The rice apparent amylose content (AAC) of rice was determined by the iodine colorimetric method [48]. The thermodynamic properties of rice were determined using a differential scanning calorimeter (DSC 200 F3, Netzsch Instruments NA LLC; Burlington, MA) [49]. The viscosity of rice was measured using a Rapid Visco Analyzer (RVA) (Techmaster; Newport Scientific, Australia), and the data obtained were analyzed using the TCE software [50].
Total protein analysis
The Lowry Protein Assay Kit (PC0030, Solarbio) was used to determine the total soluble protein content of rice. Briefly, 20 mg of processed rice flour was accurately weighed and transferred to a 2 ml centrifuge tube. Then 0.1 ml of ethanol was added, followed by 1.8 ml of 1 M NaOH solution. After mixing, the samples were placed vertically in a shaker at 200 rpm for 3 h (50 °C). Then 100 µl dispersion was added to 300 µl PBS buffer. At the same time, an appropriate amount of BSA protein was used to construct a standard curve. 20 µl of the diluted dispersion was transferred to an ELISA plate and 200 µl of prepared Folin Phenol A reagent was added to the sample well. After gentle mixing, the sample was incubated at 37 °C for 10 min. Then 20 µl of Folin Phenol B reagent was added to each well and incubated at 37 °C for 30 min. The absorbance of the samples was measured at the wavelength of 750 nm, and finally a standard curve was constructed to calculate the protein content.
Analysis of seed germination
The mature rice seeds were manually dehulled and used for seed germination analysis. The detailed procedure can be found in the previous publication [51].
BSA analysis for mapping the target gene of the srg5 mutant
The srg5 mutant was backcrossed with the wild-type NG 4, and the resulting F1 hybrid was self-pollinated to obtain the F2 segregating population. Grain length, grain width, and the length-width ratio of each F2 rice plant were evaluated, while segregation ratios of the subsequent generations were analyzed using the continuity-corrected chi-squared test.

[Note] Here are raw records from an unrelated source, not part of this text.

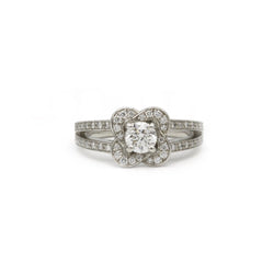 Bague en forme de fleur, en platine 950‰ sertie d'un diamant 0,46 carat E SI2 certifié GIA et de 48 diamants (0,35 carat). Tour de doigt : 53 Mise à taille possible. Poids : 7,83 grs
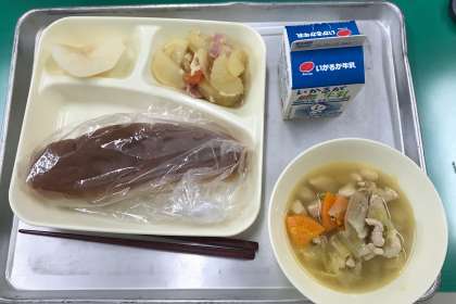 今日の給食には、「青なし」の二十世紀なしが出ます。
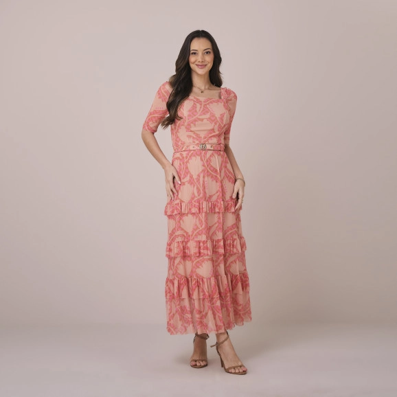 Vestido Aurora Em Tule Estampado Rosa Tatá Martello
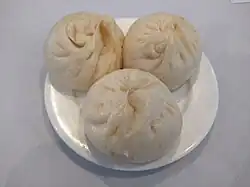 Baozi / bao Baozi Salty bao: a steam bun filled with chicken or pork, Chinese sausage, black mushroom, and soy egg (dizef roti)[13]
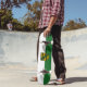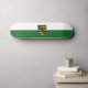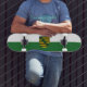 Skateboard avec drapeau de variante de la Saxe; design avec deux bandes horizontales de vert et blanc, et avec armoiries de l’état au centre
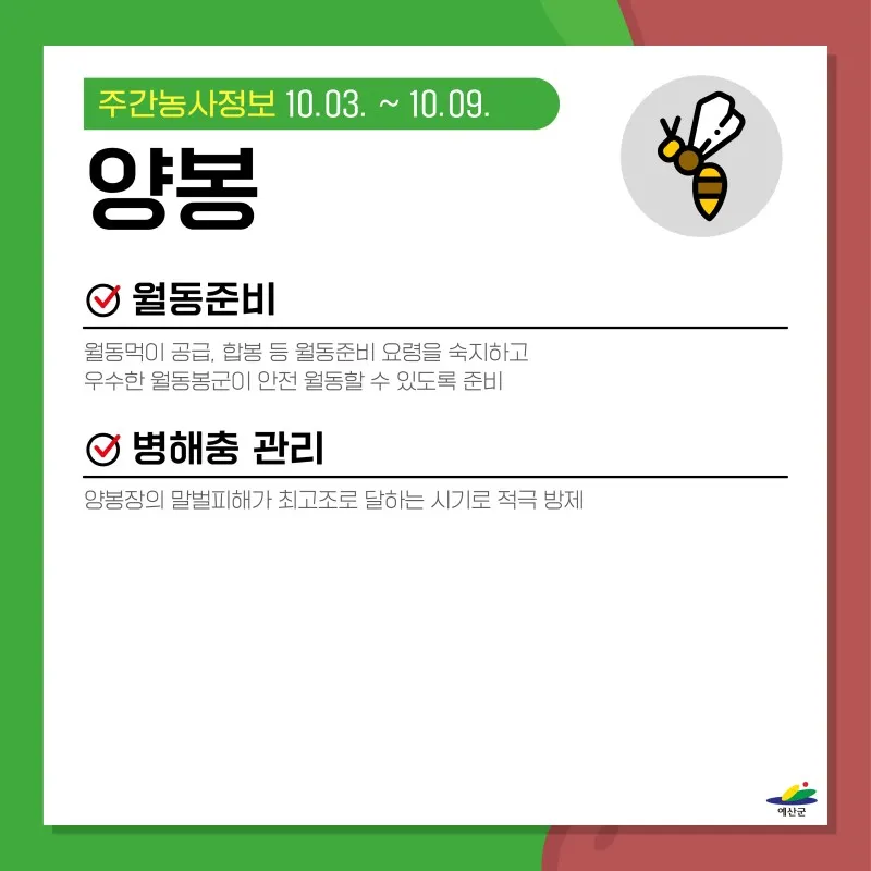 • (월동준비) 월동먹이 공급, 합봉 등 월동준비 요령을 숙지하고 우수한 월동봉군이 안전 월동할 수 있도록 준비 • (병해충 관리) 양봉장의 말벌피해가 최고조로 달하는 시기로 적극 방제 |

By analyzing the grain size of F2 plants, 30 plants with extremely small grain size and 30 plants with normal grain size were selected to form two populations for the following BSA assay. An equal amount of genomic DNA from each plant of the same population was mixed into a control DNA pool and a mutant DNA pool. Then, two parents, srg5 mutant and the wild-type NG4, were re-sequenced at a 10 × sequencing depth, and the two mixed DNA pools were re-sequenced at a 30 × sequencing depth (Novogene Co., Ltd.). The reference rice genome used for the analysis was Japonica rice Nipponbare (https://rapdb.dna.affrc.go.jp/download/irgsp1.html).
Based on the result of BSA analysis, two candidate genes were identified. Then, two more sets of F2 rice samples, each set containing 20 plants with small grain size and normal grain size, respectively, were used for linkage analysis and the final determination of the target gene.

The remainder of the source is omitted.